**DATA**
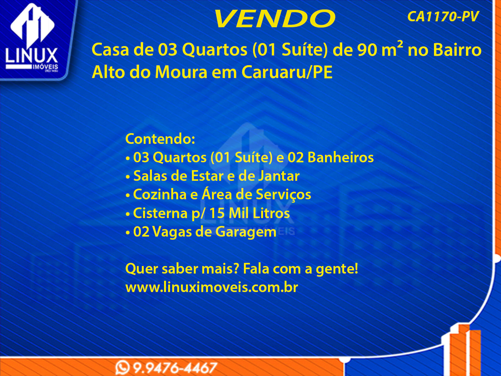 R$195.000,00 / VENDACasa no Bairro Alto do Moura em Caruaru/PE à Venda (CA1170-PV)
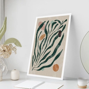 Poster - Organische Linien und Formen in Grün und Beige - 100x70cm - Im Grünen - Moderne Wanddekoration für Wohnzimmer und Schlafzimmer ARTTOR
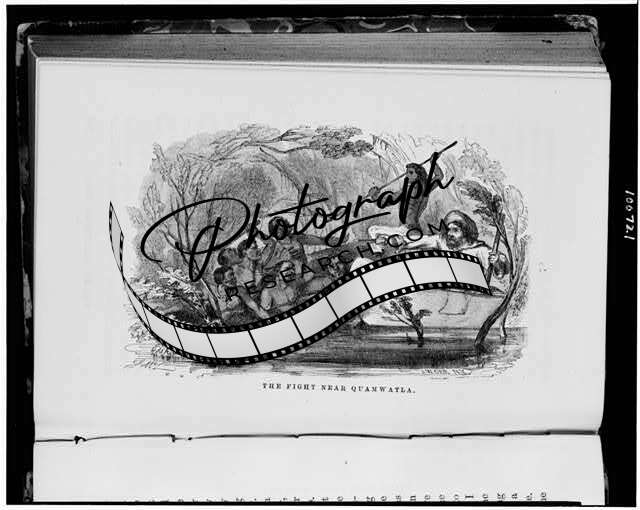 Fight near Quamwatla,canoes,spears,weapons,water,book illustrations,Jamaica,1855
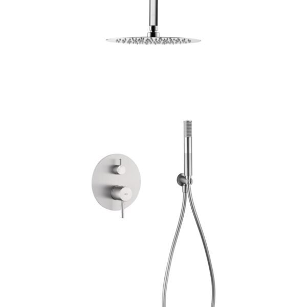 Empotrado de ducha serie MOSCU en acero s.,316, cuerpo de griferia 2 vías, rociador Ø25cm en acero s.316, cartucho monomando 35mm, brazo a pared en acero s.316, salida de agua en acero s.316 con flexo PVC y mango todo en acabado a juego. VALIDO PARA EXTERIOR
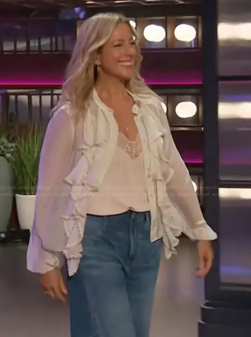 on The Kelly Clarkson Show on NBC was spotted wearing this white ruffle blouse on The Kelly Clarkson Show on Oct 07 2025's episode. 's Shoes is the Taani Wedge Sandals by Guess.
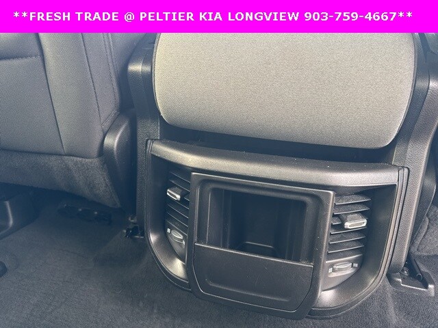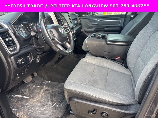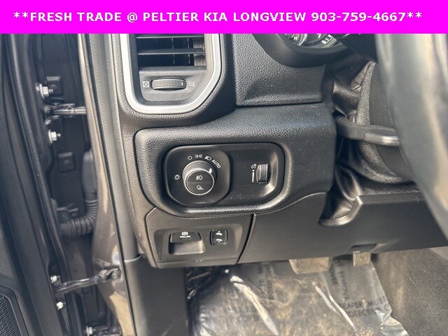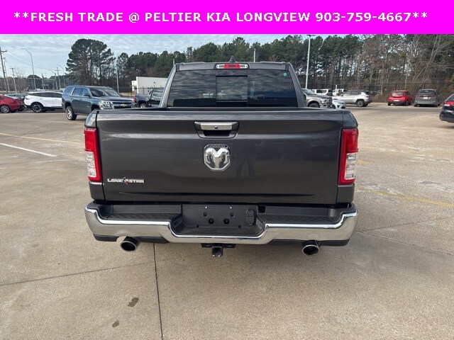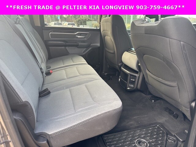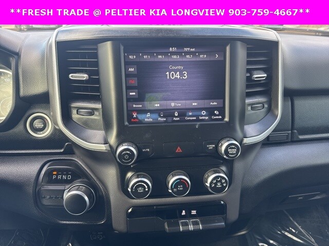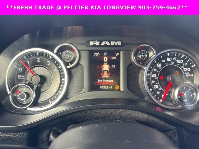 Big Horn Level 1 Equipment Group (Auto-Dimming Rear-View Mirror, Big Horn IP Badge, Black Premium Power Mirrors, Class IV Receiver Hitch, Foam Bottle Insert (Door Trim Panel), Power 4-Way Driver Lumbar Adjust, Power 8-Way Driver Seat, Power Adjustable Pedals, Radio: Uconnect 4 w/8.4" Display, Rear Power Sliding Window, Rear Window Defroster, Sun Visors w/Illuminated Vanity Mirrors, and Universal Garage Door Opener), Quick Order Package 25R Lone Star (Regional) (Lone Star Badge), 3 Rear Seat Head Restraints, 3.21 Rear Axle Ratio, 4 Way Front Headrests, 4-Wheel Disc Brakes, 48V Belt Starter Generator, 6 Speakers, ABS brakes, Air Conditioning, Alloy wheels, AM/FM radio, Anti-Spin Differential Rear Axle, Brake assist, Bumpers: chrome, Cloth Bench Seat, Compass, Delay-off headlights, Driver door bin, Dual front impact airbags, Dual front side impact airbags, Electronic Stability Control, Front & Rear Rubber Floor Mats, Front anti-roll bar, Front Center Armrest w/Storage, Front fog lights, Front reading lights, Front Seat Back Map Pockets, Front wheel independent suspension, Fully automatic headlights, GPS Antenna Input, Heated door mirrors, Illuminated entry, Leather steering wheel, Low tire pressure warning, Occupant sensing airbag, Outside temperature display, Overhead airbag, Overhead console, Panic alarm, ParkView Rear Back-Up Camera, Passenger door bin, Passenger vanity mirror, Power door mirrors, Power steering, Power windows, Radio data system, Radio: Uconnect 3 w/5" Display, Rear 60/40 Folding Seat, Rear anti-roll bar, Rear seat center armrest, Rear step bumper, Remote keyless entry, Remote Start System, Speed control, Split folding rear seat, Steering wheel mounted audio controls, Tachometer, Telescoping steering wheel, Tilt steering wheel, Traction control, Trip computer, Variably intermittent wipers, Voltmeter, and Wheels: 18" x 8" Cast-Aluminum Painted.
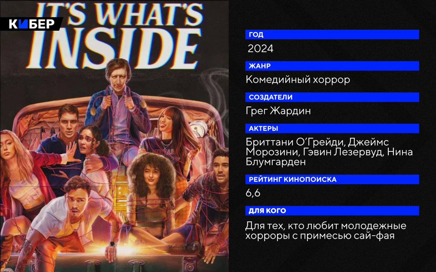 Знаете этот формат молодежных триллеров: парни и девушки съезжаются в дом по какому-то поводу (здесь – будущая свадьба одного из них), а там что-то происходит. То маньяк нападет, то съемки пойдут не по плану. В фильме «То, что внутри» сюжет двигает бывший одноклассник, которого давно никто не видел. У него есть волшебный светящийся чемоданчик (привет, Квентин!), который позволяет меняться телами. Компания сначала испугалась, потом обрадовалась и стала играть во что-то вроде «Кто я?» (когда бумажки ко лбу крепят) – только надо отгадать, кто в чьем теле. Конечно, что-то пошло не так.
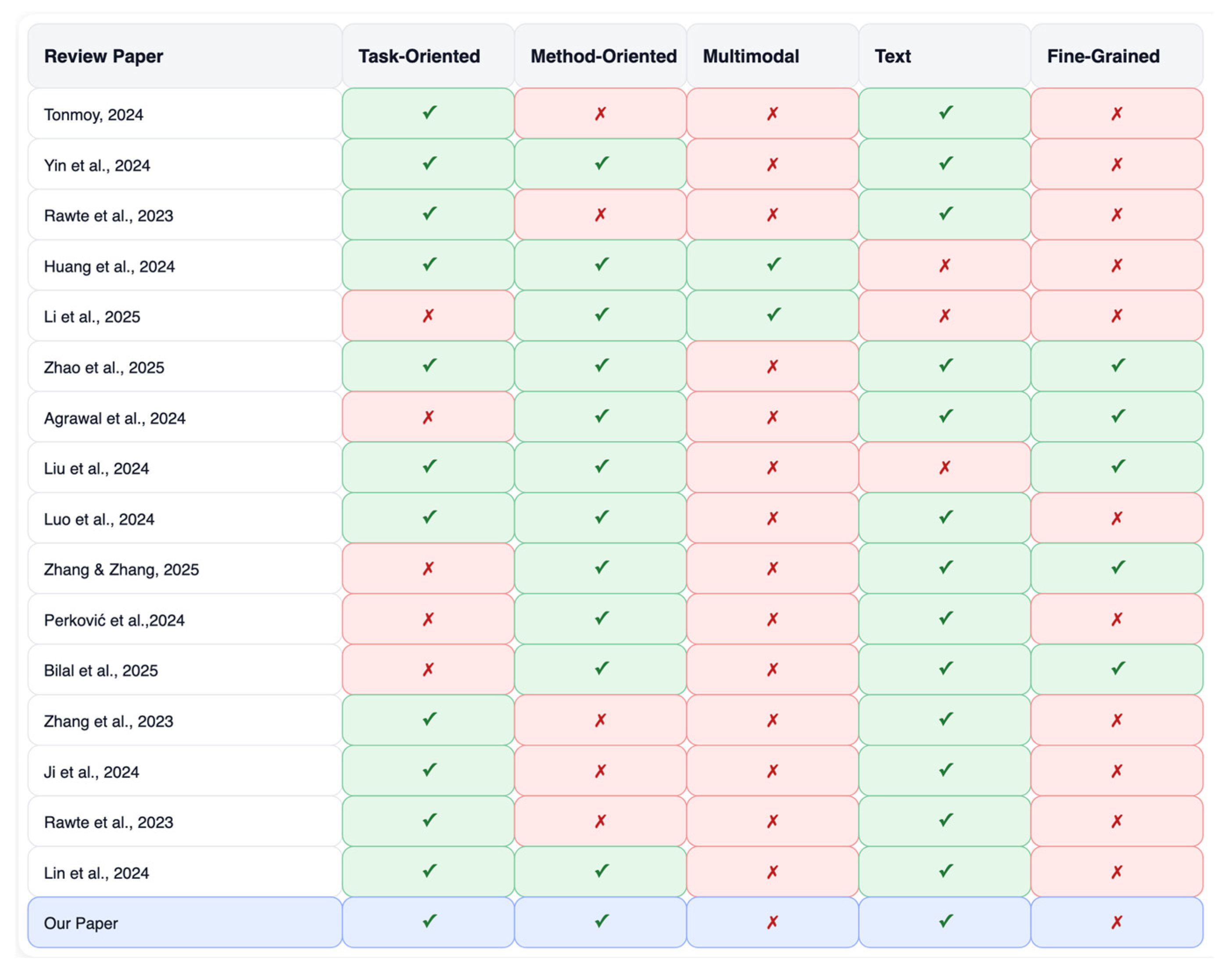 - Paper-level tagging, where every study was assigned one or more tags corresponding to its employed mitigation strategies. Our review accounts for papers that propose multiple methodologies by assigning them multiple tags, ensuring a comprehensive representation of each paper’s contributions.
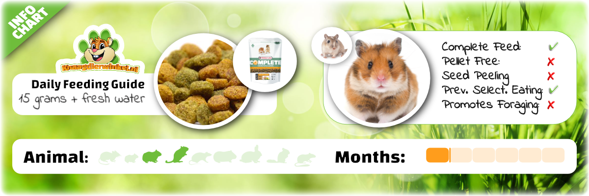 Mijn dwerghamster is er dol op, ik geef ook hamster’muesli’ maar ze eet beide! Kan je ook goed vermalen met wat water tot een papje bij tandproblemen, dan krijgen ze toch nog alles binnen!
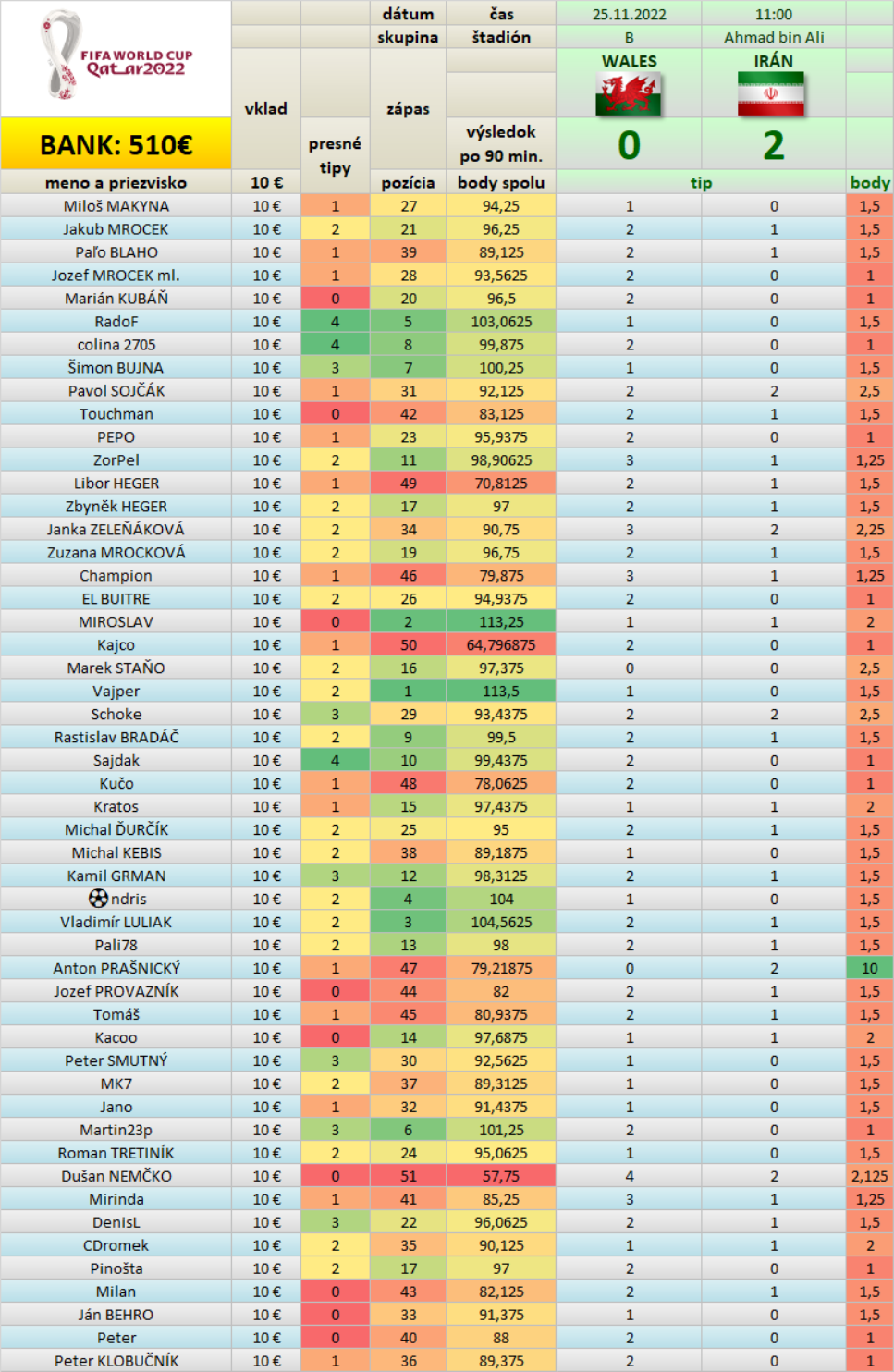 Tabuľka Tipovačky po zápase WALES - IRÁN 0 : 2

**EXERCISE DIRECTIONS**
Repeat the material above in full and unchanged, minus its images.

**EXERCISE RESULT**
 R$195.000,00 / VENDACasa no Bairro Alto do Moura em Caruaru/PE à Venda (CA1170-PV)
 Poster - Organische Linien und Formen in Grün und Beige - 100x70cm - Im Grünen - Moderne Wanddekoration für Wohnzimmer und Schlafzimmer ARTTOR
 Fight near Quamwatla,canoes,spears,weapons,water,book illustrations,Jamaica,1855
 Empotrado de ducha serie MOSCU en acero s.,316, cuerpo de griferia 2 vías, rociador Ø25cm en acero s.316, cartucho monomando 35mm, brazo a pared en acero s.316, salida de agua en acero s.316 con flexo PVC y mango todo en acabado a juego. VALIDO PARA EXTERIOR
 on The Kelly Clarkson Show on NBC was spotted wearing this white ruffle blouse on The Kelly Clarkson Show on Oct 07 2025's episode. 's Shoes is the Taani Wedge Sandals by Guess.
 Big Horn Level 1 Equipment Group (Auto-Dimming Rear-View Mirror, Big Horn IP Badge, Black Premium Power Mirrors, Class IV Receiver Hitch, Foam Bottle Insert (Door Trim Panel), Power 4-Way Driver Lumbar Adjust, Power 8-Way Driver Seat, Power Adjustable Pedals, Radio: Uconnect 4 w/8.4" Display, Rear Power Sliding Window, Rear Window Defroster, Sun Visors w/Illuminated Vanity Mirrors, and Universal Garage Door Opener), Quick Order Package 25R Lone Star (Regional) (Lone Star Badge), 3 Rear Seat Head Restraints, 3.21 Rear Axle Ratio, 4 Way Front Headrests, 4-Wheel Disc Brakes, 48V Belt Starter Generator, 6 Speakers, ABS brakes, Air Conditioning, Alloy wheels, AM/FM radio, Anti-Spin Differential Rear Axle, Brake assist, Bumpers: chrome, Cloth Bench Seat, Compass, Delay-off headlights, Driver door bin, Dual front impact airbags, Dual front side impact airbags, Electronic Stability Control, Front & Rear Rubber Floor Mats, Front anti-roll bar, Front Center Armrest w/Storage, Front fog lights, Front reading lights, Front Seat Back Map Pockets, Front wheel independent suspension, Fully automatic headlights, GPS Antenna Input, Heated door mirrors, Illuminated entry, Leather steering wheel, Low tire pressure warning, Occupant sensing airbag, Outside temperature display, Overhead airbag, Overhead console, Panic alarm, ParkView Rear Back-Up Camera, Passenger door bin, Passenger vanity mirror, Power door mirrors, Power steering, Power windows, Radio data system, Radio: Uconnect 3 w/5" Display, Rear 60/40 Folding Seat, Rear anti-roll bar, Rear seat center armrest, Rear step bumper, Remote keyless entry, Remote Start System, Speed control, Split folding rear seat, Steering wheel mounted audio controls, Tachometer, Telescoping steering wheel, Tilt steering wheel, Traction control, Trip computer, Variably intermittent wipers, Voltmeter, and Wheels: 18" x 8" Cast-Aluminum Painted.
 Знаете этот формат молодежных триллеров: парни и девушки съезжаются в дом по какому-то поводу (здесь – будущая свадьба одного из них), а там что-то происходит. То маньяк нападет, то съемки пойдут не по плану. В фильме «То, что внутри» сюжет двигает бывший одноклассник, которого давно никто не видел. У него есть волшебный светящийся чемоданчик (привет, Квентин!), который позволяет меняться телами. Компания сначала испугалась, потом обрадовалась и стала играть во что-то вроде «Кто я?» (когда бумажки ко лбу крепят) – только надо отгадать, кто в чьем теле. Конечно, что-то пошло не так.
 - Paper-level tagging, where every study was assigned one or more tags corresponding to its employed mitigation strategies. Our review accounts for papers that propose multiple methodologies by assigning them multiple tags, ensuring a comprehensive representation of each paper’s contributions.
 Mijn dwerghamster is er dol op, ik geef ook hamster’muesli’ maar ze eet beide! Kan je ook goed vermalen met wat water tot een papje bij tandproblemen, dan krijgen ze toch nog alles binnen!
 Tabuľka Tipovačky po zápase WALES - IRÁN 0 : 2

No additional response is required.